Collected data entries
-------

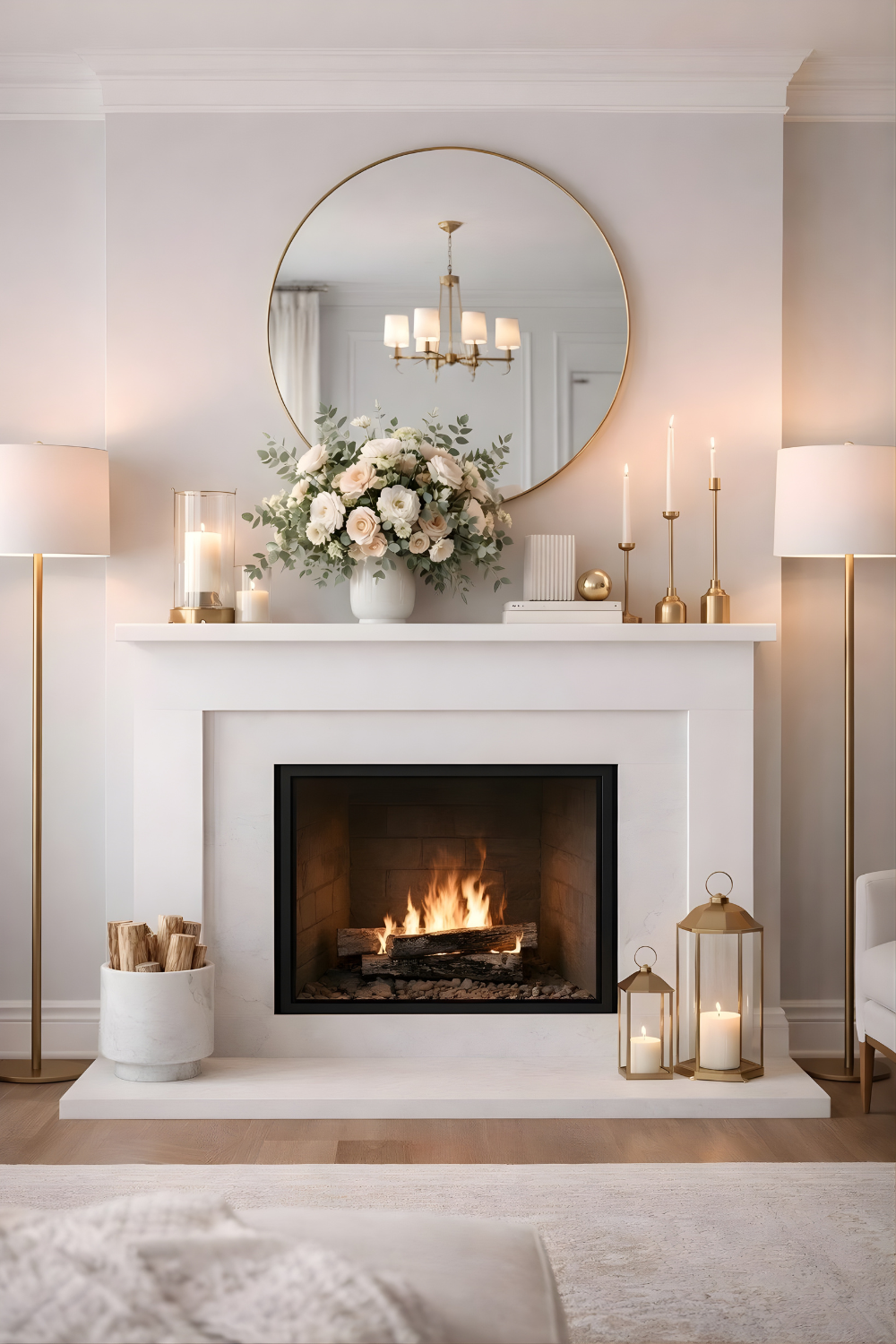 For timeless elegance, choose an ornate white mantel with crown molding and carved details. This classic design adds visual weight and architectural sophistication while offering ample display space for art, mirrors, or seasonal décor. Works beautifully with marble, tile, or painted brick surrounds, instantly elevating any living area with refined style.
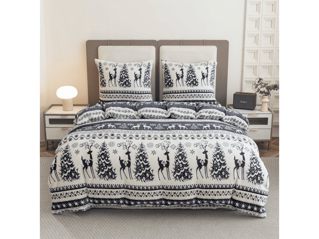 Set aus 2 Stk. Mikroplüsch-Bettwäsche WINTER DEER grau + Mikroplüsch-Spannbettlaken SOFT 180x200 cm weiß, Doppelbett
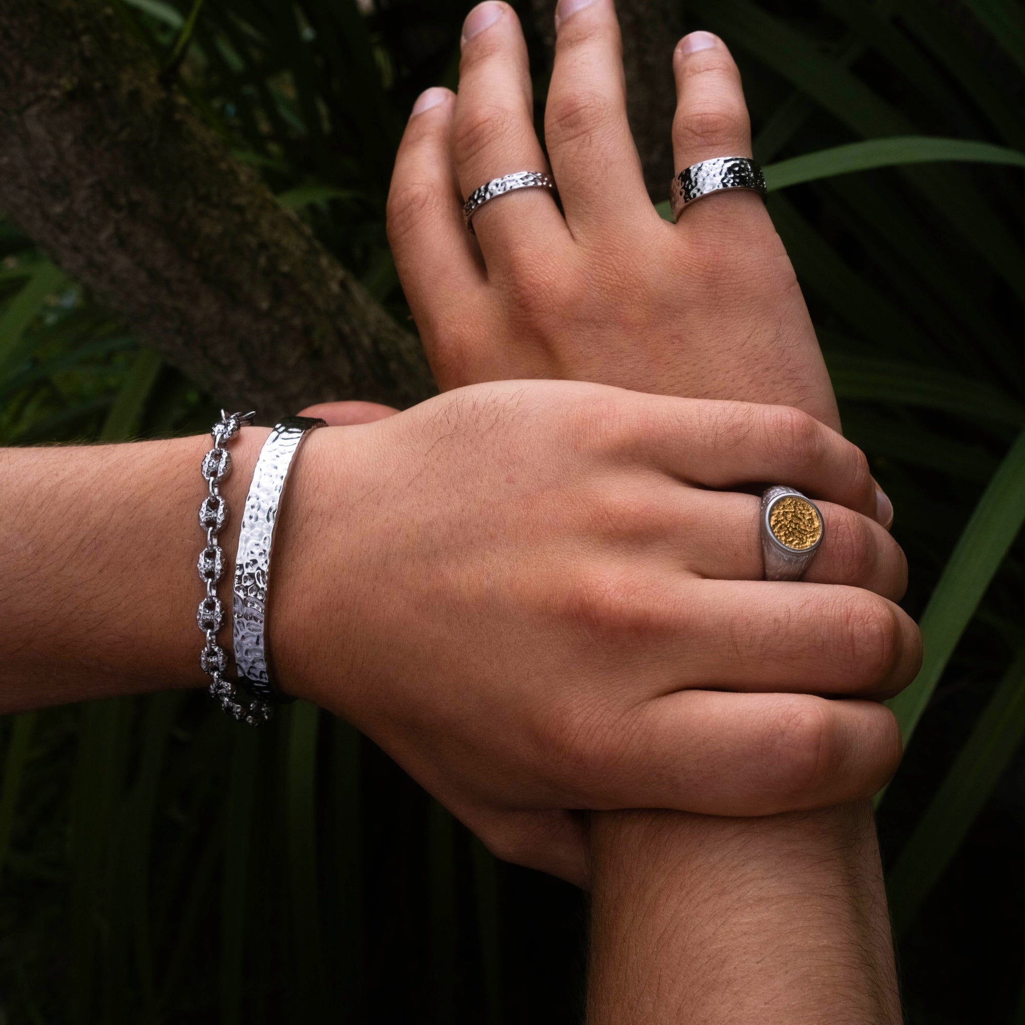 We use Recycled Stainless Steel, 925 Sterling Silver & Gold plating to craft our jewellery pieces.
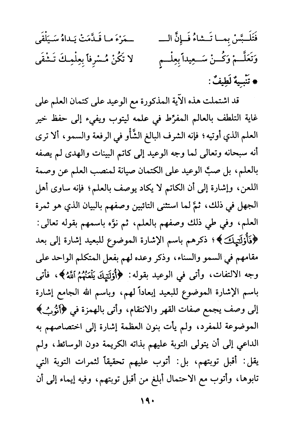 قد اشتملت هذه الآية المذكورة مع الوعيد على كتمان العلم على غاية التلطف بالعالم المفرِّط في علمه ليتوب ويفيء إلى حفظ خير العلم الذي أوتيه؛ فإنه الشرف البالغ الشَّأو في الرفعة والسمو، ألا ترى أنه سبحانه وتعالى لما وجه الوعيد إلى كاتم البينات والهدى لم يصفه بالعلم، بل صبَّ الوعيد على الكتمان صيانة لمنصب العلم عن وصمة اللعن، وإشارة إلى أن الكاتم لا يكاد يوصف بالعلم؛ فإنه ساوى أهل الجهل في ذلك، ثمَّ لما استثنى التائبين وصفهم بالبيان الذي هو ثمرة العلم، وفي طي ذلك وصفهم بالعلم، ثم نوَّه باسمهم بقوله تعالى: {فَأُولَئِكَ}؛ ذكرهم باسم الإشارة الموضوع للبعيد إشارة إلى بعد مقامهم في السمو والسناء، وذكر وعده لهم بفعل المتكلم الواحد على وجه الالتفات، وأتى في الوعيد بقوله: {أُولَئِكَ يَلْعَنُهُمُ اللَّهُ}، فأتى باسم الإشارة الموضوع للبعيد إبعاداً لهم، وباسم الله الجامع إشارة إلى وصف يجمع صفات القهر والانتقام، وأتى بالهمزة في {أَتُوبُ} الموضوعة للمفرد، ولم يأت بنون العظمة إشارة إلى اختصاصهم به الداعي إلى أن يتولى التوبة عليهم بذاته الكريمة دون الوسائط، ولم يقل: أقبل توبتهم، بل: أتوب عليهم تحقيقاً لثمرات التوبة التي تابوها، وأتوب مع الاحتمال أبلغ من أقبل توبتهم، وفيه إيماء إلى أن
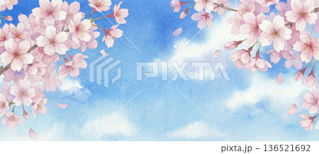 櫻花與藍天的水彩背景素材
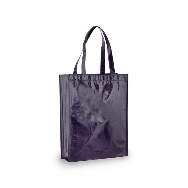 Non-Woven-Tasche aus laminiertem Faservlies (80 g/m2) mit Metallic-Finish in einer Vielzahl von lebendigen Farben. Mit 50 cm langen Henkeln und verstärktem Zwickel mit Paspel. Belastbar mit bis zu 7 kg.
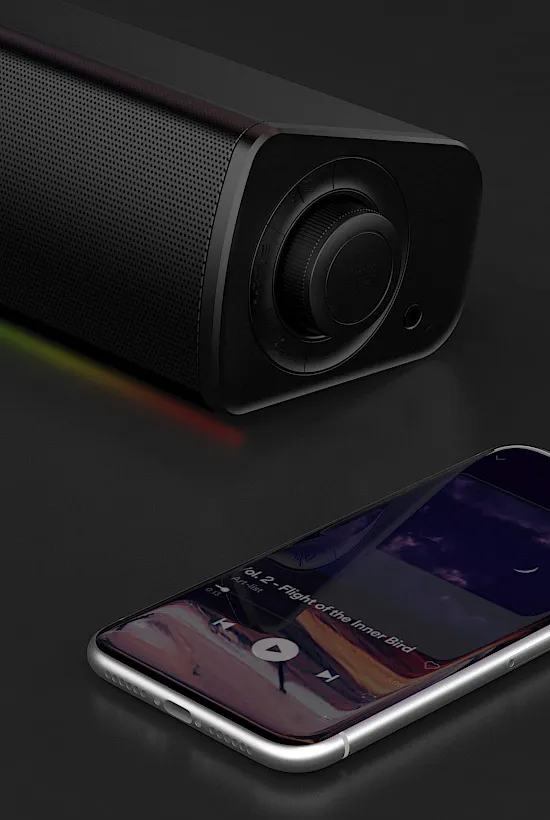 There are several ways you can connect the Sound Blaster GS3 to your PC*, gaming consoles, and mobile devices too. These options range from USB-C, AUX-in cable, to wireless Bluetooth 5.4! You can also enjoy high-quality sound without disturbing others when you connect with headphones directly to the soundbar via the headphone-out port.

-------

#### [TASK PROMPT]
Repeat only what lies between the start of the data and the end of the line containing "Non-Woven-Tasche aus laminiertem", exactly, with pictures left out.

#### [ANSWER TO THIS EXERCISE]
 For timeless elegance, choose an ornate white mantel with crown molding and carved details. This classic design adds visual weight and architectural sophistication while offering ample display space for art, mirrors, or seasonal décor. Works beautifully with marble, tile, or painted brick surrounds, instantly elevating any living area with refined style.
 Set aus 2 Stk. Mikroplüsch-Bettwäsche WINTER DEER grau + Mikroplüsch-Spannbettlaken SOFT 180x200 cm weiß, Doppelbett
 We use Recycled Stainless Steel, 925 Sterling Silver & Gold plating to craft our jewellery pieces.
 قد اشتملت هذه الآية المذكورة مع الوعيد على كتمان العلم على غاية التلطف بالعالم المفرِّط في علمه ليتوب ويفيء إلى حفظ خير العلم الذي أوتيه؛ فإنه الشرف البالغ الشَّأو في الرفعة والسمو، ألا ترى أنه سبحانه وتعالى لما وجه الوعيد إلى كاتم البينات والهدى لم يصفه بالعلم، بل صبَّ الوعيد على الكتمان صيانة لمنصب العلم عن وصمة اللعن، وإشارة إلى أن الكاتم لا يكاد يوصف بالعلم؛ فإنه ساوى أهل الجهل في ذلك، ثمَّ لما استثنى التائبين وصفهم بالبيان الذي هو ثمرة العلم، وفي طي ذلك وصفهم بالعلم، ثم نوَّه باسمهم بقوله تعالى: {فَأُولَئِكَ}؛ ذكرهم باسم الإشارة الموضوع للبعيد إشارة إلى بعد مقامهم في السمو والسناء، وذكر وعده لهم بفعل المتكلم الواحد على وجه الالتفات، وأتى في الوعيد بقوله: {أُولَئِكَ يَلْعَنُهُمُ اللَّهُ}، فأتى باسم الإشارة الموضوع للبعيد إبعاداً لهم، وباسم الله الجامع إشارة إلى وصف يجمع صفات القهر والانتقام، وأتى بالهمزة في {أَتُوبُ} الموضوعة للمفرد، ولم يأت بنون العظمة إشارة إلى اختصاصهم به الداعي إلى أن يتولى التوبة عليهم بذاته الكريمة دون الوسائط، ولم يقل: أقبل توبتهم، بل: أتوب عليهم تحقيقاً لثمرات التوبة التي تابوها، وأتوب مع الاحتمال أبلغ من أقبل توبتهم، وفيه إيماء إلى أن
 櫻花與藍天的水彩背景素材
 Non-Woven-Tasche aus laminiertem Faservlies (80 g/m2) mit Metallic-Finish in einer Vielzahl von lebendigen Farben. Mit 50 cm langen Henkeln und verstärktem Zwickel mit Paspel. Belastbar mit bis zu 7 kg.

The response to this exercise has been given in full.